## EXERCISE GOAL
The required copy runs from the first line of the material through the line containing "Как правило, это", exactly as written and without pictures.

══ DATA FOR THIS EXERCISE

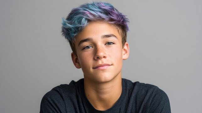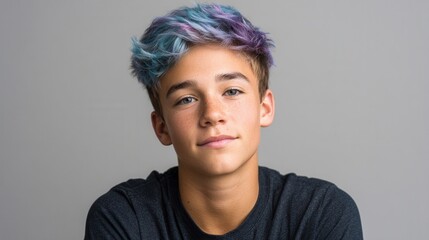 A young male with stylish purple and blue hair poses against a neutral background, showcasing a confident expression and modern hairstyle.
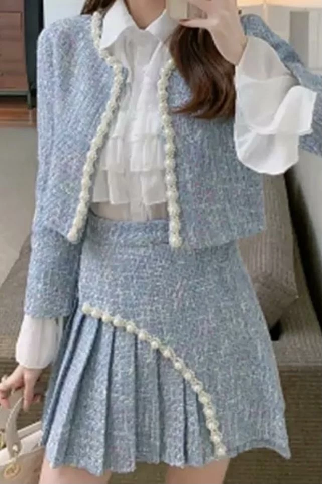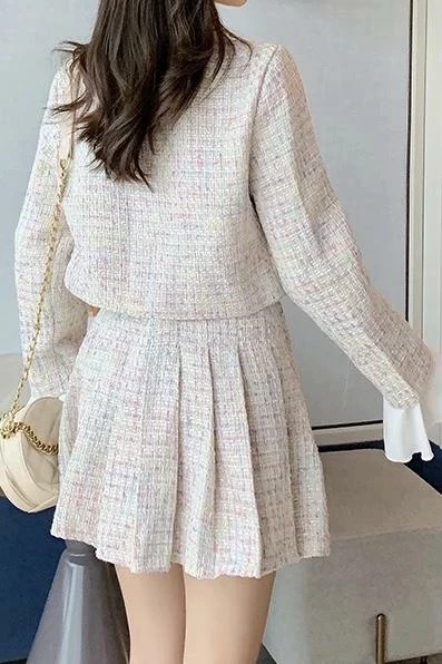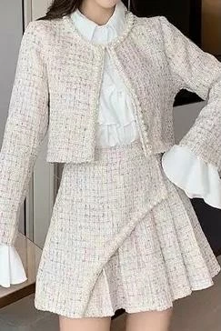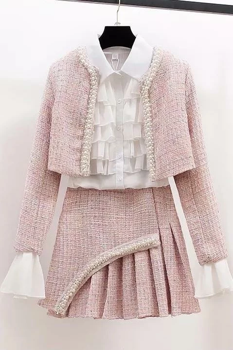 There’s nothing we love more than a matching set dolls. This three piece set features a long sleeve blouse with flared sleeves and a layered, ruffle bust, a long sleeve pink tweed jacket with pearl embellishing down the collar and center seam, and a matching high waisted, irregular cut pleated skirt. Pair this with a matching headband, big handbag, and loafers or boots for a complete boss babe look we love!
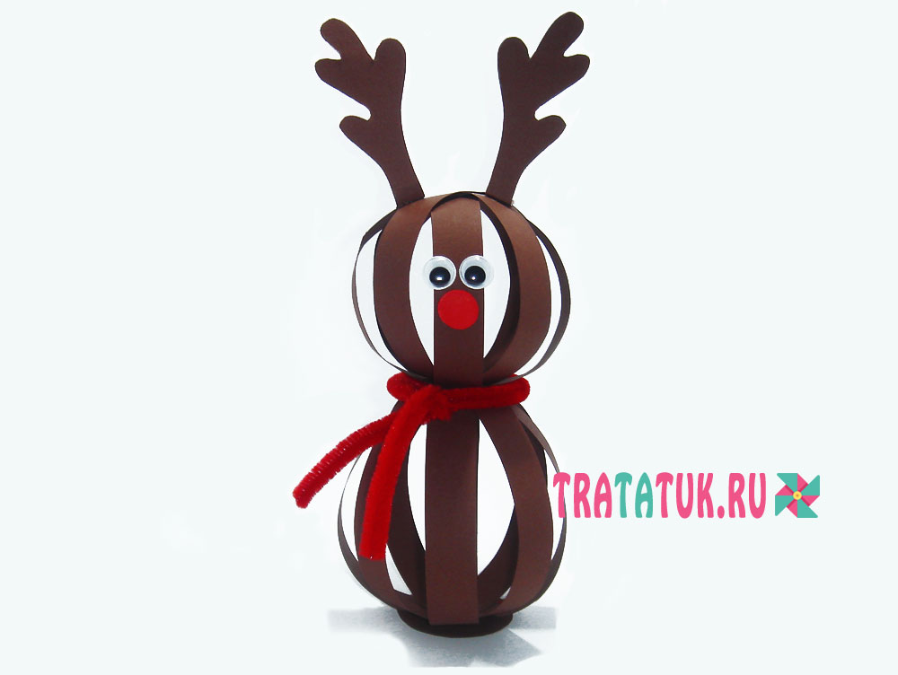Как правило, это новогодняя поделка, легкая, интересная и полезная для детей. Причем данного оленя украшают не только рога, но и шарфик из синельной проволоки.
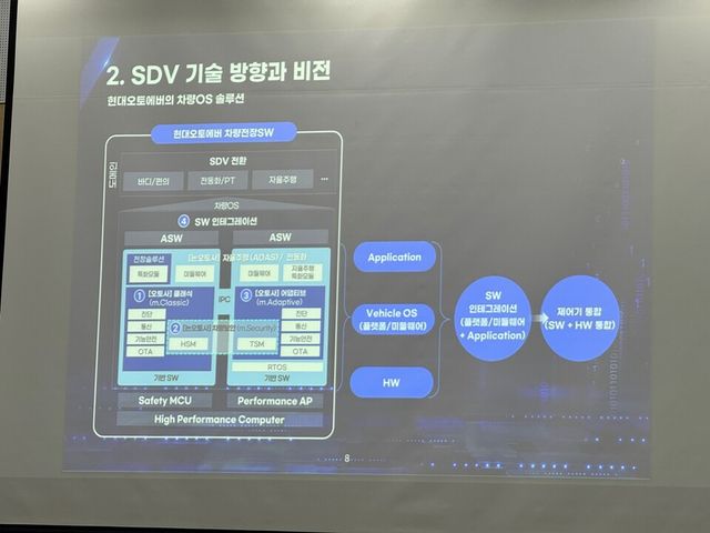 차량의 HW 부품이 수 만개로 구성된 것처럼 이와 연동하는 SW 역시 수많은 다층 구조로 이뤄진다. 이러한 여러 SW를 통합 제어하려면 ‘차량용 SW 플랫폼’이 필수적이다. 차량 SW 플랫폼은 컴퓨터의 운영체제(OS)와 비슷한 역할을 한다. 차량 내부 통신 시스템과 기능이 상호 충돌하지 않고 유기적으로 작동할 수 있도록 제어한다. 차량의 각종 기능을 서로 연결하는 일종의 ‘중추신경계’와 같다.
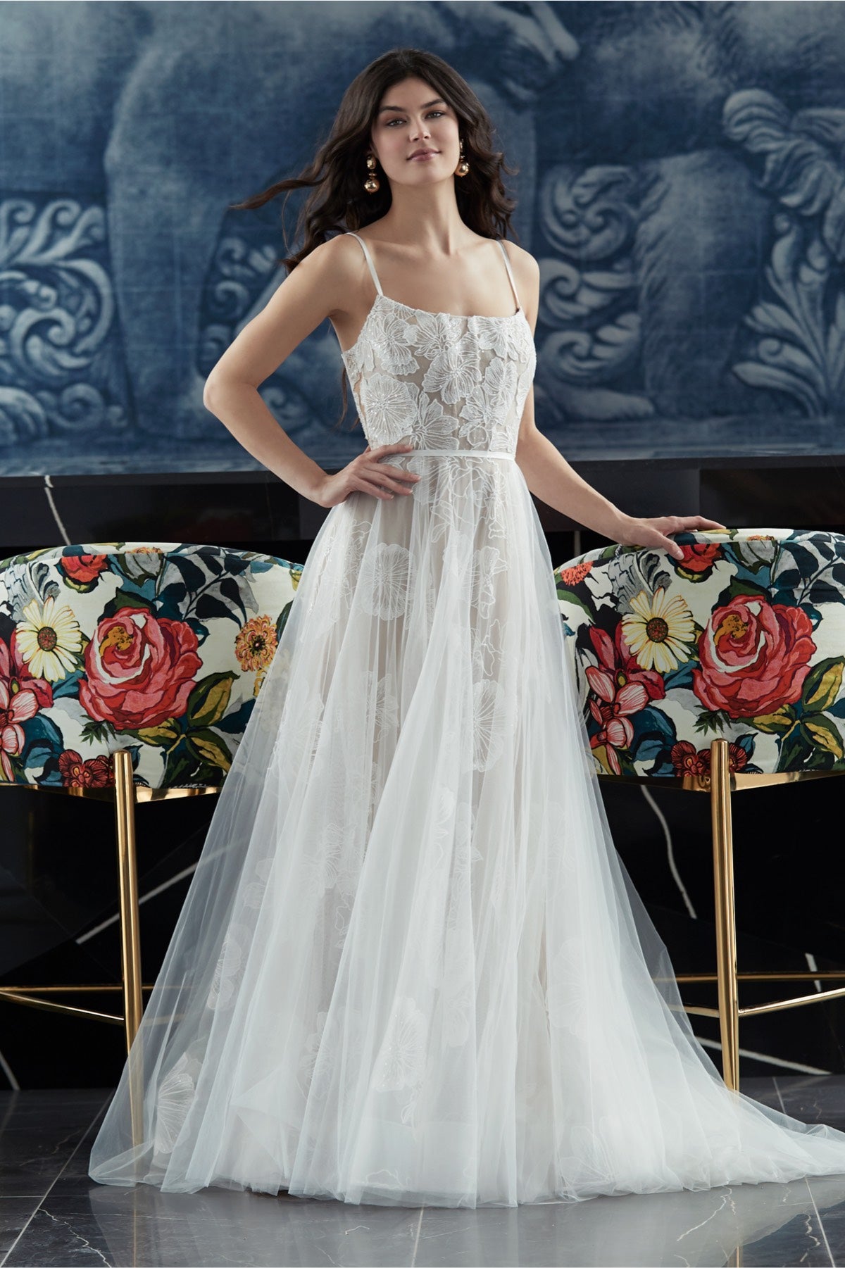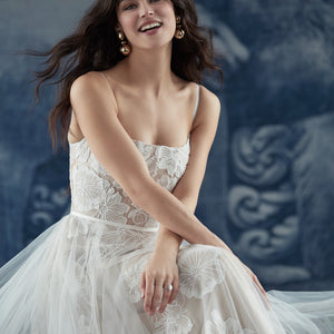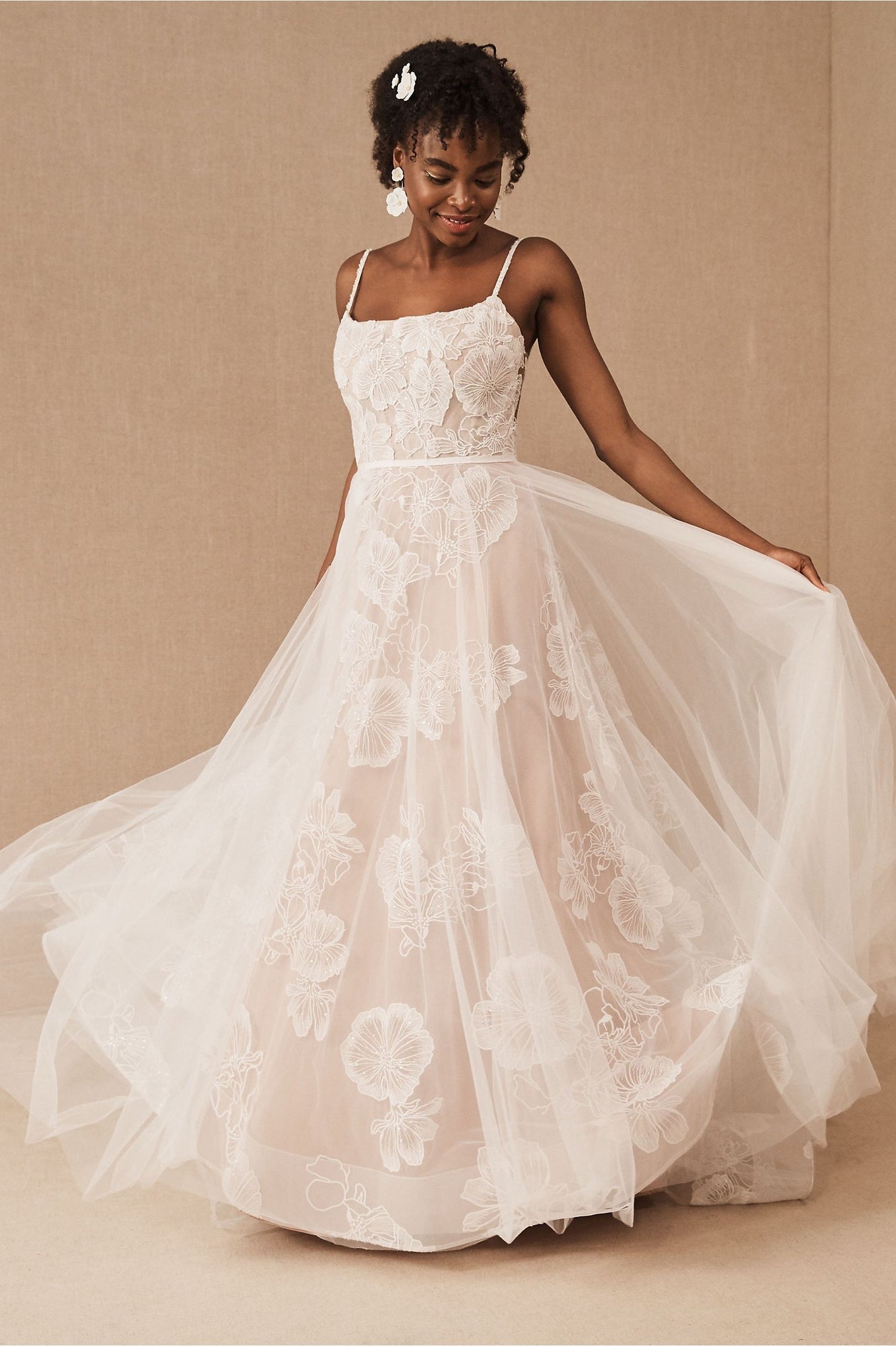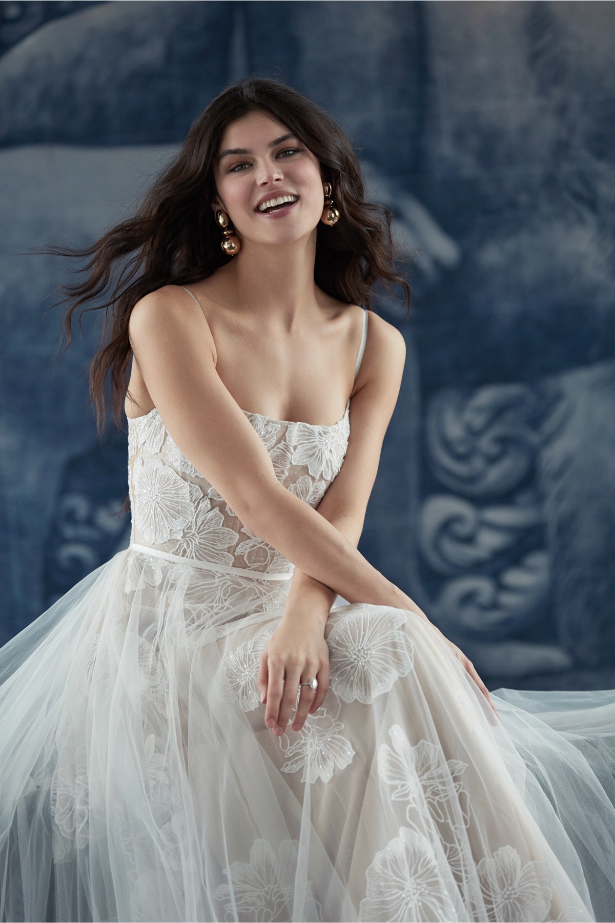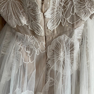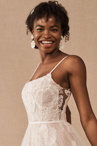 Made from delicate tulle, this dreamy gown is replete with romantic touches. Our favorites? Oversized floral embroidery, an airy overskirt, and a scattering of clear sequins for subtle sparkle. By Wtoo by Watters.
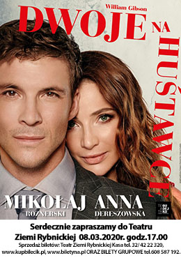 08.03.2020 o godz. 17:00 serdecznie zapraszamy na spektakl w gwiazdorskiej obsadzie! "Dwoje na huśtawce" to romantyczna, zabawna, a jednocześnie przejmująca historia dwójki nieznajomych - Gizeli Moscy i Jurka Rajskiego, którzy trafili na siebie w przełomowych momentach swojego życia. Dziewczyna, chłopak i uczucie. Raz szczerość, raz kłamstwo. Raz miłość , raz nienawiść. Raz niewypowiedziane szczęście, a raz głęboki smutek. Od wspólnych oddechów do całkowitego braku zrozumienia jest tylko jeden mały krok, a za chwilę znów euforia! Raz wesoło, dwa – ból brzucha ze śmiechu. Bohaterami sztuki jest dwoje trzydziestolatków pochodzących z różnych środowisk, różnych miast, mających za sobą małżeństwa i romanse. W naszym przedstawieniu wcielają się w nich Anna Dereszowska i Mikołaj Roznerski. Co wyniknie z takiego spotkania? Wielka miłość, czy banalne rozczarowanie? Odpowiedź na te pytania znajdziecie w naszym przedstawieniu. Bilety od 85 zł. KUP BILET BILETY GRUPOWE: tel. 608 587 192, www.kupbilecik.pl oraz www.biletyna.pl

════

## EXERCISE RESPONSE
 A young male with stylish purple and blue hair poses against a neutral background, showcasing a confident expression and modern hairstyle.
 There’s nothing we love more than a matching set dolls. This three piece set features a long sleeve blouse with flared sleeves and a layered, ruffle bust, a long sleeve pink tweed jacket with pearl embellishing down the collar and center seam, and a matching high waisted, irregular cut pleated skirt. Pair this with a matching headband, big handbag, and loafers or boots for a complete boss babe look we love!
Как правило, это новогодняя поделка, легкая, интересная и полезная для детей. Причем данного оленя украшают не только рога, но и шарфик из синельной проволоки.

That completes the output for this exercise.